I can hear them coming well before I see them.
A family is tromping through the woods behind me, not far from where I sit on a bench. I’m alone, for now, but it appears not for much longer.
At the tail end of a four day trip to eastern New York, and on my way back to New Hampshire, I saw a small red and gold handmade sign nailed to a tree with an arrow pointing toward something called the Grafton Peace Pagoda.
I immediately made the turn.
There is nothing out here but farm land and woods. I make a couple more turns, find a small parking lot on a dirt road with a sign pointing up a wooded path. (To be fair, at this point, I did a Google search of the pagoda to make sure it was real and not some kind of back country trap!)
But even then, I wasn’t prepared for the size and scope of this stupa. Once I popped out of the woods, it took me a few minutes to orient myself to what I was seeing - the enormous white pagoda, with two tiers and delicate gardens. In the center was a large Buddha, and stations around the upper tier telling the story of Buddha’s life.
I’ve visited stupas in India and Nepal, but never expected to encounter anything like this here. So I sat down to try to make sense of the pagoda. That’s when the family approaches.
The boys in the group sound young, maybe teenagers. There’s an older voice, perhaps the dad, who is egging them on as they crash down the trail toward the opening, getting louder and louder as they walk.
Finally, a woman’s voice cuts through the noise. “Listen, you guys, there might be other people here so can you for once not act like a bunch of assholes?”
I laugh. They all laugh, but they don’t quiet down. Not even a scolding mom can make that happen.
But their back and forth does end, and abruptly, the moment they hit the end of the clearing and the enormous pagoda comes into view. One of them actually gasps.
“What the heck?” I hear one of the boys say.
Indeed. What the heck?
It turns out that this incredible place is the brainchild of a Japanese Buddhist nun by the name of Jun Yasuda.
For decades, Jun was an activist, holding peace walks and marches in support of Native American rights and anti-war causes. In 1983, while in the middle of an anti-war fast on the steps of the Albany capital building, Jun was approached by Henry “Hank” Hazelton. During World War Two, Hank was a consciencous objector, not an easy thing to be back then. After the war, Hank traveled to Japan and saw first hand the devestating effects of the atomic bomb.
He vowed to do something with his life to promote peace. Meeting Jun on those steps, he understood what that something was going to be.

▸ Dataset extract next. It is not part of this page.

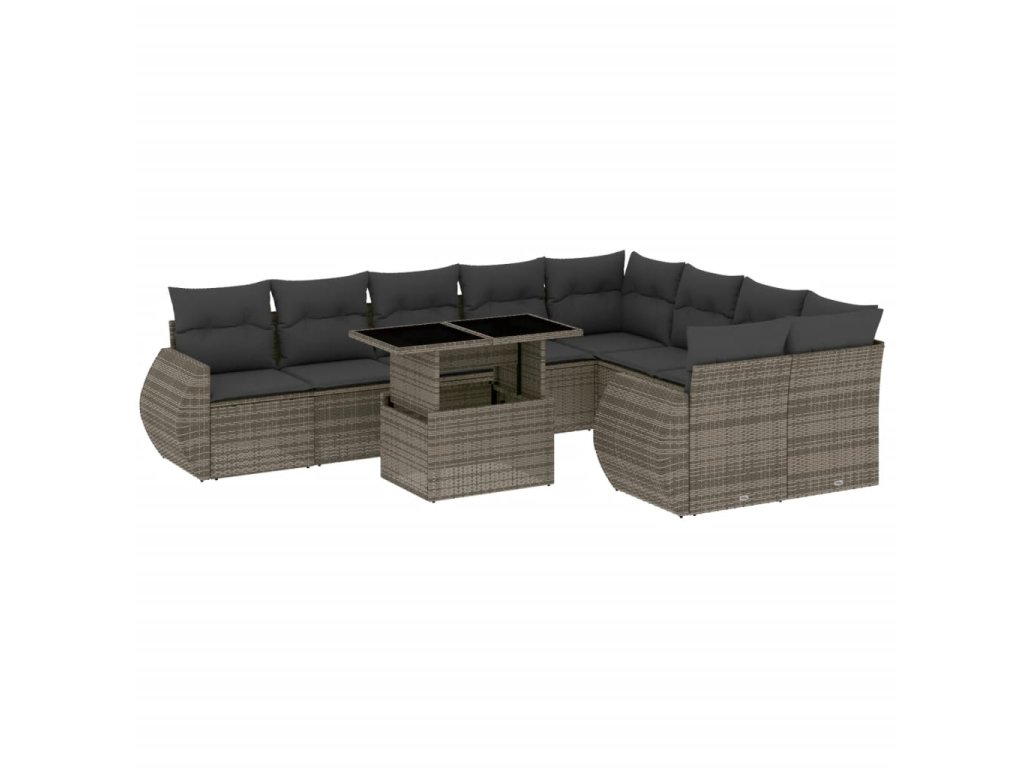 10dílná zahradní sedací souprava s poduškami šedá polyratan 3268760

Hank offered Jun this parcel of land and together they set about building their Peace Pagoda. Hank lived long enough to witness the dedication of the pagoda in 1995 and Jun still lives and caretakes here. Her small home is attached to a nearby, traditional temple.
Before the family arrived, I had already walked both tiers of the pagoda, and stolled around the small pond. Now, with the family here, I explore the small woodland area near the temple, and as I do, I come across the tiny burial marker of Hank himself.
From the upper tier of the distant pagoda, I can hear the boys calling to each other. “Look at this, look at this,” one is shouting and pointing at Buddha.
Maybe they’re a step closer to peace. Maybe not. Maybe this place will speak to them, like it does to me. Or perhaps they’ll forget about it all tomorrow. I don’t know.
But I’m glad the Peace Pagoda exists, its brilliant white dome sparkling to the heavens. I’m glad I’m on the road again, and I’m glad I followed that sign.
“Well done, Hank,” I whisper. The boys laugh as I step back into the woods to head for home
.
I visited there a few years ago with my friend, poet Charlie Rossiter. Had the good fortune to spend some vibrant time with Jun as we sipped a special green tea from Japan that she served us. Talked about poetry, peace, Ryokan. I gave her a book of my haiku and she gave me a pottery cup that her mother had made. Truly an amazing experience.
This is wonderful to read about in my early morning and somehow the combination of the boys energy and the place of peace is just right.